◆ What is expected ◆
Write out the listing from the line with "Satin Embroidered Over" to the line with "I love being", both lines included, exactly and nothing beyond. Leave pictures out.

◆ Material supplied ◆
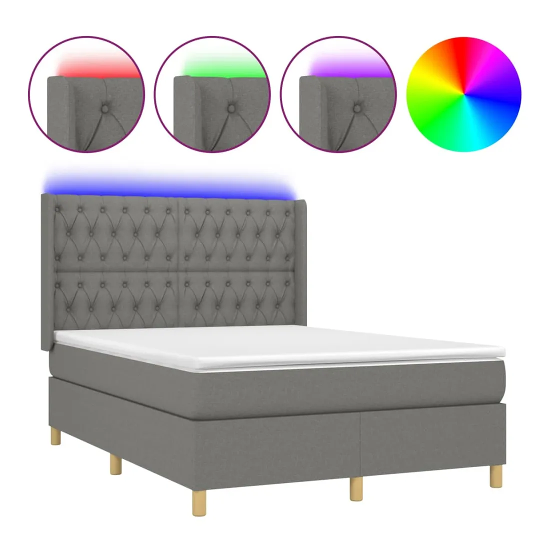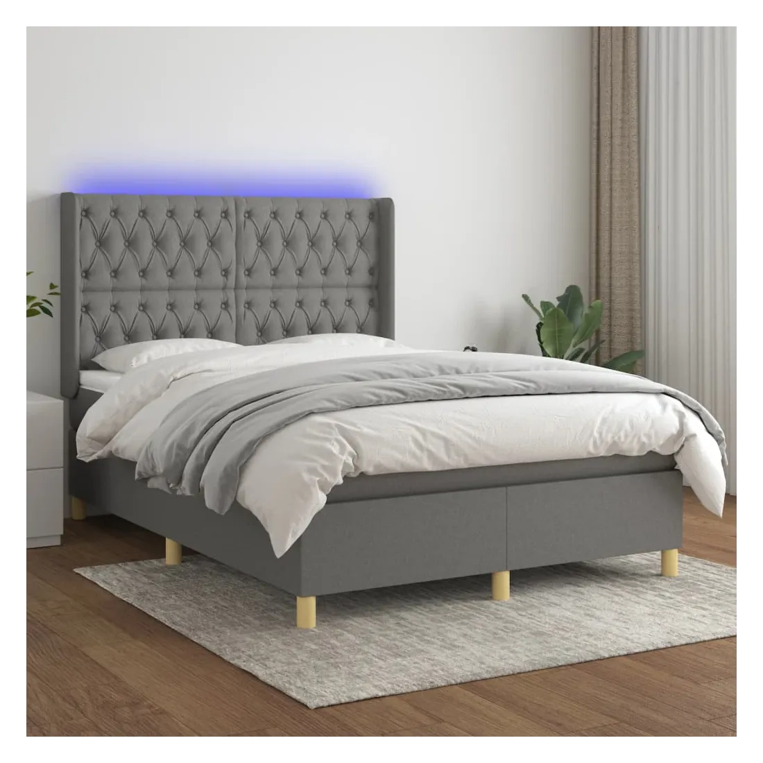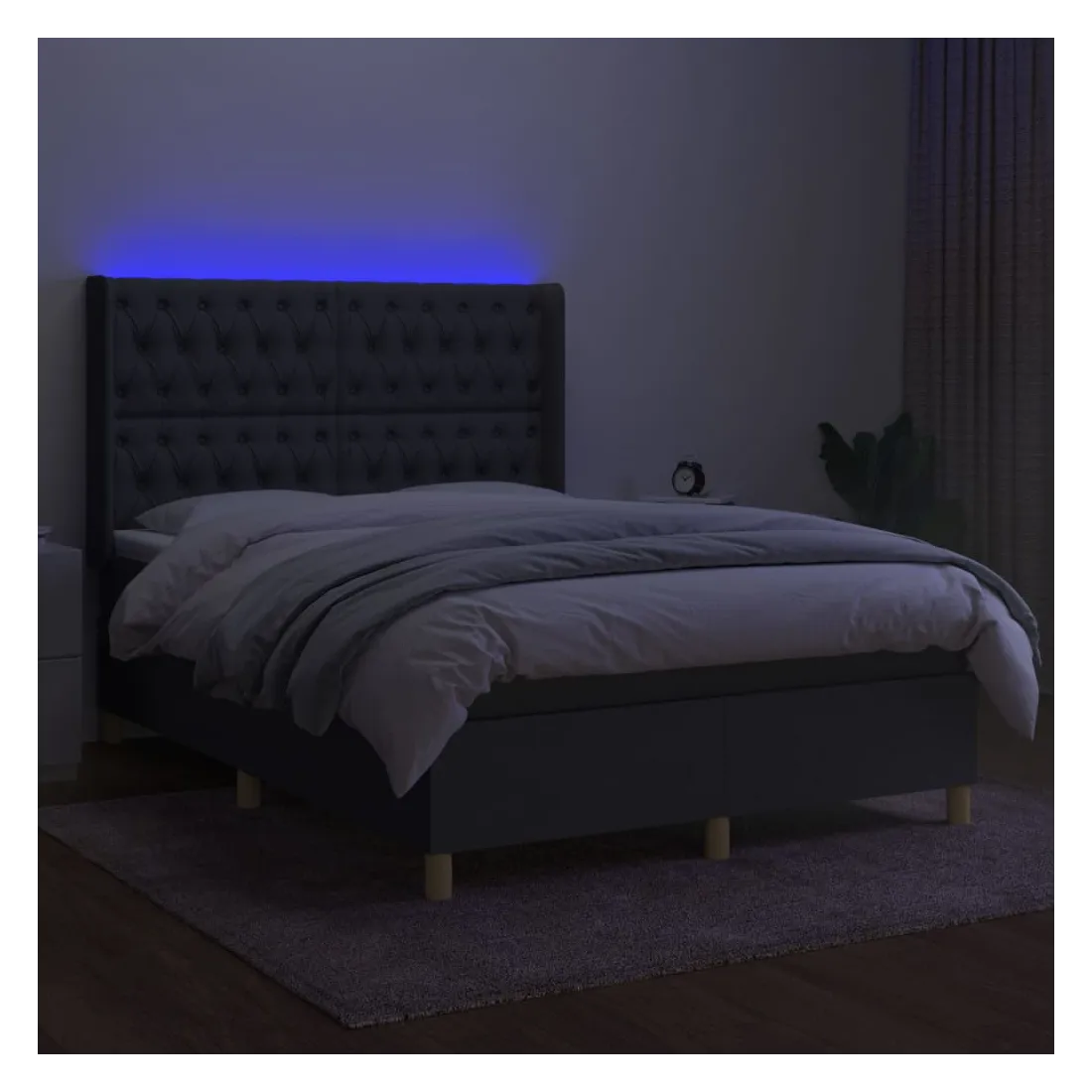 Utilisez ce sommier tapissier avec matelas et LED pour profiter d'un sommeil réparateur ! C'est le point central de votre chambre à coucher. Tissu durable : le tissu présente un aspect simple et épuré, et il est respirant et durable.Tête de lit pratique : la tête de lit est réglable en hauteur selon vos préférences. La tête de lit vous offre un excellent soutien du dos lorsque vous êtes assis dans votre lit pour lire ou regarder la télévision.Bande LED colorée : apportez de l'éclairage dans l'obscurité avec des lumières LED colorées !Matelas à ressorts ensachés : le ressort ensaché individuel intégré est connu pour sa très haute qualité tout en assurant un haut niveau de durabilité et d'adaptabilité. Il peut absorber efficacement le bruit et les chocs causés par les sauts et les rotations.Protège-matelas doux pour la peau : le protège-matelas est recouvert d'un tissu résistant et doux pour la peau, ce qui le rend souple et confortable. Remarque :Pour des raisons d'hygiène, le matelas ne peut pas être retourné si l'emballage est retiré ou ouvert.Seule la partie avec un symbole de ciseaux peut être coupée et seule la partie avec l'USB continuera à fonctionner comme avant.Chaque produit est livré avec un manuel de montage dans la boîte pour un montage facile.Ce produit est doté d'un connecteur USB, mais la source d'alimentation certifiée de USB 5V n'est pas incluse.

---

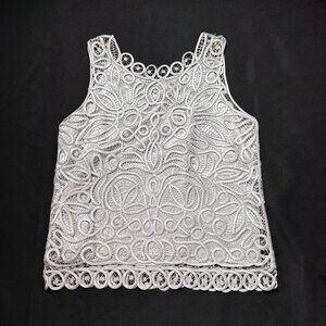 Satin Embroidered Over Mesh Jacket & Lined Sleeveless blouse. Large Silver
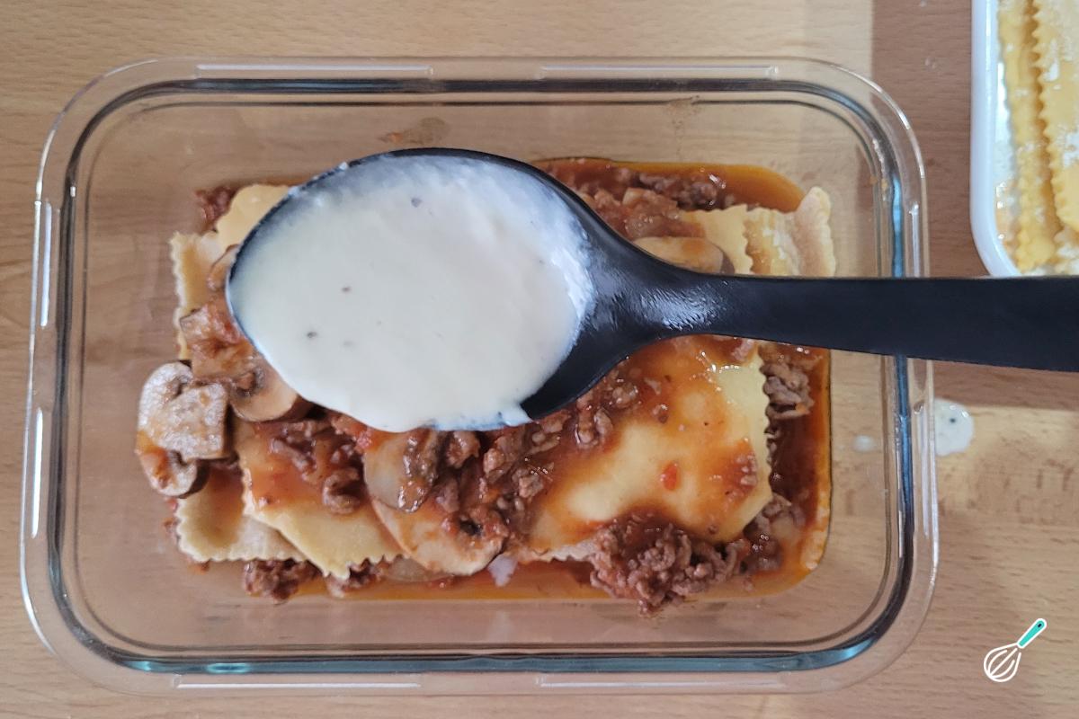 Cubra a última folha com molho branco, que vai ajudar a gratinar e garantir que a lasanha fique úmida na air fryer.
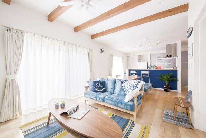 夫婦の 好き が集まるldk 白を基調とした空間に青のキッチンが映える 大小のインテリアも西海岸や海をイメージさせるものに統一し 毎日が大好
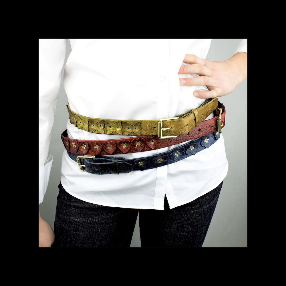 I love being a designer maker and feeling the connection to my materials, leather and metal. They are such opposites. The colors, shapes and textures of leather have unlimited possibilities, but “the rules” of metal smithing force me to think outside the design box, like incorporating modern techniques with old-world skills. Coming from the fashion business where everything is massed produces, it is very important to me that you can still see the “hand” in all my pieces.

---

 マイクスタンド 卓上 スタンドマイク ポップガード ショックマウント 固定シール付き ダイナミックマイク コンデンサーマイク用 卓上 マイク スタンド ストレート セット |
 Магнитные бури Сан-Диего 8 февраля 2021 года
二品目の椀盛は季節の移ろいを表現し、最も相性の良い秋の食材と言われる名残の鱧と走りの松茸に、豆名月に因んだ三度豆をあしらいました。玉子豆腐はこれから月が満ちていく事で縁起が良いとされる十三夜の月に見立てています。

◆ Your response ◆
 Satin Embroidered Over Mesh Jacket & Lined Sleeveless blouse. Large Silver
 Cubra a última folha com molho branco, que vai ajudar a gratinar e garantir que a lasanha fique úmida na air fryer.
 夫婦の 好き が集まるldk 白を基調とした空間に青のキッチンが映える 大小のインテリアも西海岸や海をイメージさせるものに統一し 毎日が大好
 I love being a designer maker and feeling the connection to my materials, leather and metal. They are such opposites. The colors, shapes and textures of leather have unlimited possibilities, but “the rules” of metal smithing force me to think outside the design box, like incorporating modern techniques with old-world skills. Coming from the fashion business where everything is massed produces, it is very important to me that you can still see the “hand” in all my pieces.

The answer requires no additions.